Es gibt keine unüberwindbaren Hindernisse für Island auf dem Weg in die EU. Darin sahen sich die Redner weitgehend einig. Botschafter Gunnarsson zeigte in seinem Eingangsstatement auf, wie eng sein Land bereits heute mit der EU verbunden ist: Als Mitglied des Europäischen Wirtschaftsraums übernehme Island die europäische Gesetzgebung nahezu „eins zu eins“, ohne aber politische Entscheidungsgewalt in der EU zu haben. Kein Mitspracherecht und Einfluss im Rat zu besitzen, bedeute für Island derzeit einen größeren Verlust als der Verlust an Souverenität durch den EU-Beitritt, der von Gegnern immer wieder ins Feld geführt werde, so der Botschafter. Zur Frage, ob die Mehrheit der Bevölkerung den Beitritt will, zeigte sich Gunnarsson optimistisch: Im letzten Jahr sei die Zustimmungskurve kontinuierlich angestiegen – dabei würden die Informationskampagnen erst jetzt richtig losgehen.
Skeptischer sieht das Skandinavistik-Professor Henningsen. Er bewertet auch die Sonderrolle, die die Deutschen den Skandinaviern zumessen, kritisch. Für den stellv. Vorsitzenden der Deutsch-Nordischen Parlamentariergruppe im Bundestag, Hans-Michael Goldmann, passen der Wertekanon der Isländer und ihre Lebensart hervorragend zu Europa.
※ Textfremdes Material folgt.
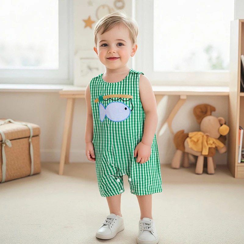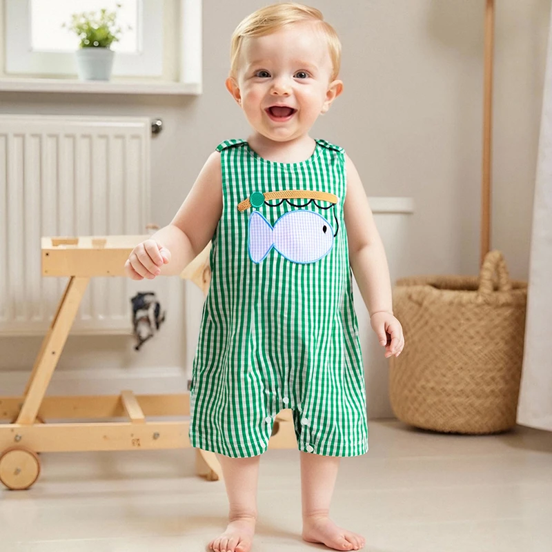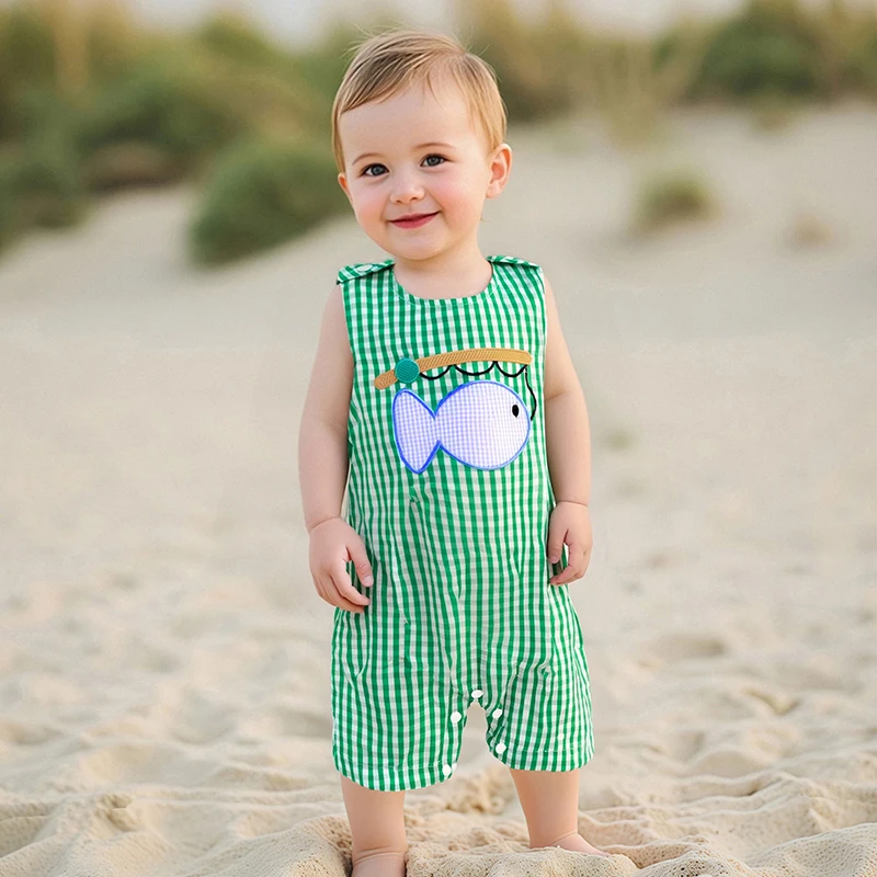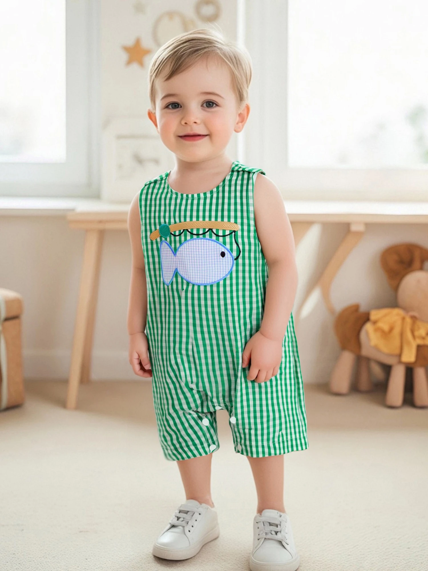 Baby Boy Romper Embroidered Fish Plaid Sleeveless Newborn Jumpsuit Infant Overalls for Summer

Auch Michael Roth, europapolitischer Sprecher der SPD-Bundestagsfraktion, sieht Island als Teil der europäischen Wertegemeinschaft.
In der Debatte wurde deutlich: Bei allen noch bestehenden Problemen, die im Verlaufe der Beitrittsverhandlungen gelöst werden müssen, ist die „Mitgift“, die die Isländer in die EU einbringen würden, beachtlich: von wichtigen Impulsen, die von der nachhaltigen Fischereiwirtschaft Islands für die anstehende Reform der Fischereiwirtschaft in der EU ausgehen könnten, über den Anteil der erneuerbaren Energien an der Stromerzeugung Islands von 75 Prozent bis zur Möglichkeit, dass Island ein kleiner Nettobeitragszahler werden könnte.
„Aus deutscher Sicht ist der Beitritt Islands zur EU hochwillkommen“, so EUD-Präsident Peter Altmaier, in seinem Schlusswort. Deutschland habe ein vitales Interesse, dass das nordische Gewicht in der EU gestärkt werde. Er erwarte eine aktive Rolle Islands in der Gemeinschaft. In diesem Zusammenhang erinnerte er daran, dass die EU nicht nur eine Werte- und Kulturgemeinschaft, sondern darüber hinaus eine Solidaritätsgemeinschaft sei.